Sarai is a sweet and friendly three-year-old girl from Bolivia who has Down syndrome. She lives in a small indigenous community in the mountains of central Bolivia with her parents, who are both farmers, and her five siblings. She is a friendly little girl who loves making new friends and blowing kisses to everyone she meets! Sarai was born with an atrial septal defect, a cardiac condition in which a hole exists between the two upper chambers of the heart. Blood leaks through this hole instead of flowing properly through her body, leaving her feeling weak and short of breath. Fortunately, Sarai is scheduled to undergo heart surgery on July 28th with the support of our long-standing medical partner Haiti Cardiac Alliance, which is now growing and expanding into Bolivia. Surgeons will close the hole with a patch, allowing blood to properly flow through her body and improving her quality of life. Another organization, Gift of Life International, is contributing $2,500 to pay for a portion of Sarai's procedure costs. Our medical partner is requesting $1,500 to cover the remaining costs, which cover surgical expenses, cardiac exams, medications, and travel fees so Sarai and her family can travel to receive her life-changing cardiac procedure in La Paz. Sarai's mother shares, "Our family is all praying that our daughter will become healthy and strong after this surgery!"
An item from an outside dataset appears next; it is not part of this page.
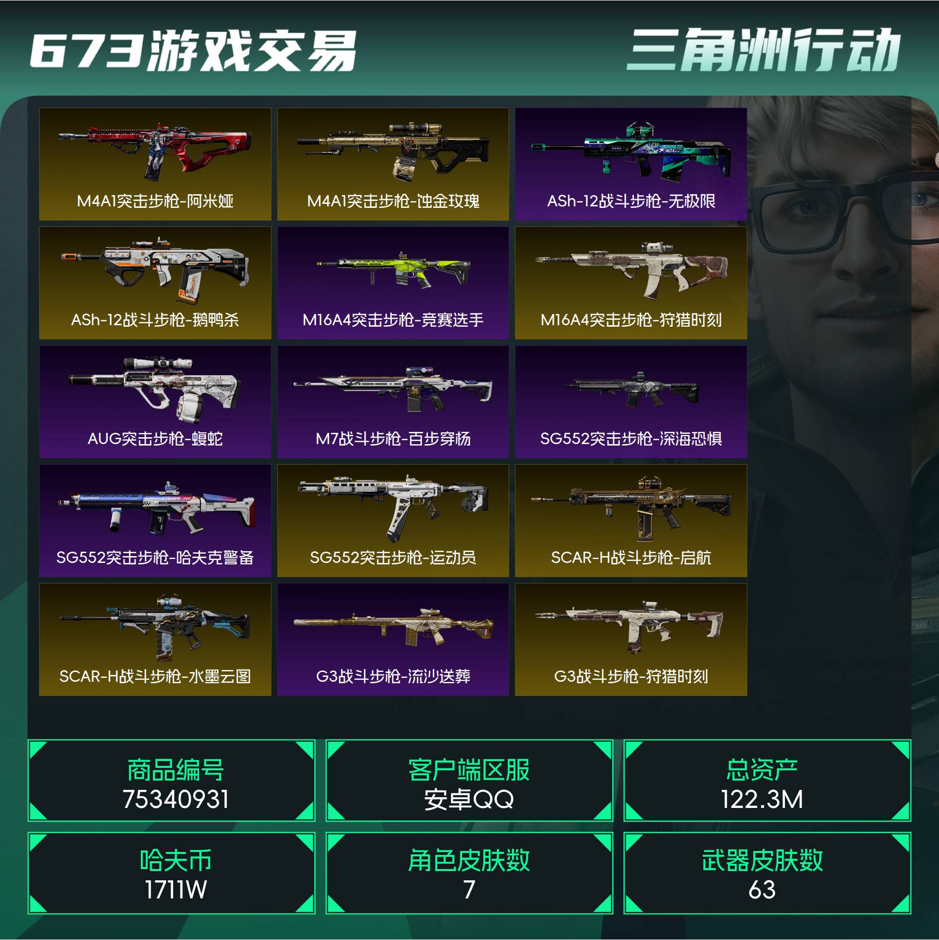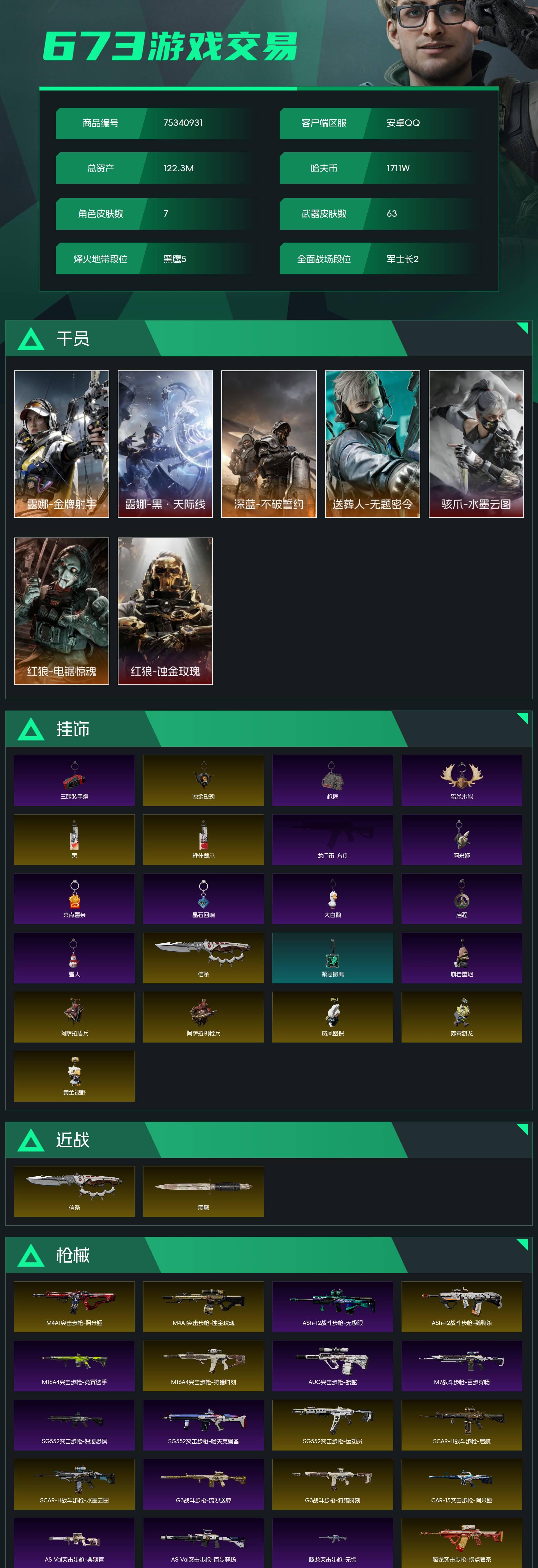 烽火段位黑鹰5 战场段位军士长2 总资产122.3M 哈夫币1711W 干员7 挂饰21 近战2 枪械63 载具41

Nedjee is a 17-month-old baby girl from Haiti. She lives with her parents, grandparents, and three siblings in a neighborhood outside of the capital city, Port-au-Prince. Nedjee has a cardiac condition called ventricular septal defect, which means a hole exists between the two lower chambers of her heart. As a result, blood leaks through this hole without passing through her lungs to obtain oxygen, leaving her weak and short of breath. The surgery that Nedjee needs for her birth condition is not available within her country. Fortunately, Nedjee will be able to fly to the Dominican Republic to receive treatment. On July 25th, she will undergo cardiac surgery, during which surgeons will sew a patch over the hole so that blood can no longer leak through it. Nedjee's family is requesting assistance to cover the costs of Nedjee's surgery prep, as our medical partner, Haiti Cardiac Alliance (HCA), is contributing the funds needed to cover the cost of surgery. HCA is requesting $1,500 to cover the surgery prep, which includes all labs, medication, check-up and follow-up appointments, and the passports needed for HCA's social workers to accompany Nedjee and her family overseas. Nedjee's mother shared, "Our family is all praying that this surgery will go well and that our daughter's heart will be stronger afterward."